Stored data entries

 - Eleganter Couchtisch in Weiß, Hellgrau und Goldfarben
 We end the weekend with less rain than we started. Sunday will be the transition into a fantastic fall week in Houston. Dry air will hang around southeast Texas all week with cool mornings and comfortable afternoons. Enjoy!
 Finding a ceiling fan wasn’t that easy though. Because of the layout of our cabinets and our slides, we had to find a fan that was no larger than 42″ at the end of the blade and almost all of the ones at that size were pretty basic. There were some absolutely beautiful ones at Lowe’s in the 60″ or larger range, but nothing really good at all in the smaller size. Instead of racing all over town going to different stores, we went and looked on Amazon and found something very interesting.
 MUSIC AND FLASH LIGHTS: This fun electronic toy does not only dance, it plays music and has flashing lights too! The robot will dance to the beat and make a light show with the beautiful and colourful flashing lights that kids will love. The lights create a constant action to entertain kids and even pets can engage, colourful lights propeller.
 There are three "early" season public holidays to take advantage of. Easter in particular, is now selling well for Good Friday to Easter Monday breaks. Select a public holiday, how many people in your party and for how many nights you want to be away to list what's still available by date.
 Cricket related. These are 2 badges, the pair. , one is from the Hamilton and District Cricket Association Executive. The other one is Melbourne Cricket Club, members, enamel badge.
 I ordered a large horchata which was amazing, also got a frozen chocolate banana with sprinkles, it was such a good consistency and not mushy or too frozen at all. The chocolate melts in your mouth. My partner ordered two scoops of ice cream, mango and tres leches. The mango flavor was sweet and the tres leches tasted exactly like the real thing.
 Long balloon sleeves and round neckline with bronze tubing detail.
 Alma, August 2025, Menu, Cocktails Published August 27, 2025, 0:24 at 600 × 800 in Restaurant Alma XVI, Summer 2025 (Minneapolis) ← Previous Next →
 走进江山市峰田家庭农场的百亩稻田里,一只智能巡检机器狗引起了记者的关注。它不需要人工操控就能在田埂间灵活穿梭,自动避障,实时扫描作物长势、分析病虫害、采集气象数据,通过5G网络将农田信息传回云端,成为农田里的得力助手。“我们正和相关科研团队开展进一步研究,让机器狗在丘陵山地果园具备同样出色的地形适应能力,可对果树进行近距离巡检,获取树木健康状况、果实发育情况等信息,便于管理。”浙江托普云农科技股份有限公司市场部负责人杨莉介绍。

### PROBLEM REQUIREMENTS
In the data above, find each line where the string "beautiful" appears, then copy it.

### OUTPUT
 Finding a ceiling fan wasn’t that easy though. Because of the layout of our cabinets and our slides, we had to find a fan that was no larger than 42″ at the end of the blade and almost all of the ones at that size were pretty basic. There were some absolutely beautiful ones at Lowe’s in the 60″ or larger range, but nothing really good at all in the smaller size. Instead of racing all over town going to different stores, we went and looked on Amazon and found something very interesting.
 MUSIC AND FLASH LIGHTS: This fun electronic toy does not only dance, it plays music and has flashing lights too! The robot will dance to the beat and make a light show with the beautiful and colourful flashing lights that kids will love. The lights create a constant action to entertain kids and even pets can engage, colourful lights propeller.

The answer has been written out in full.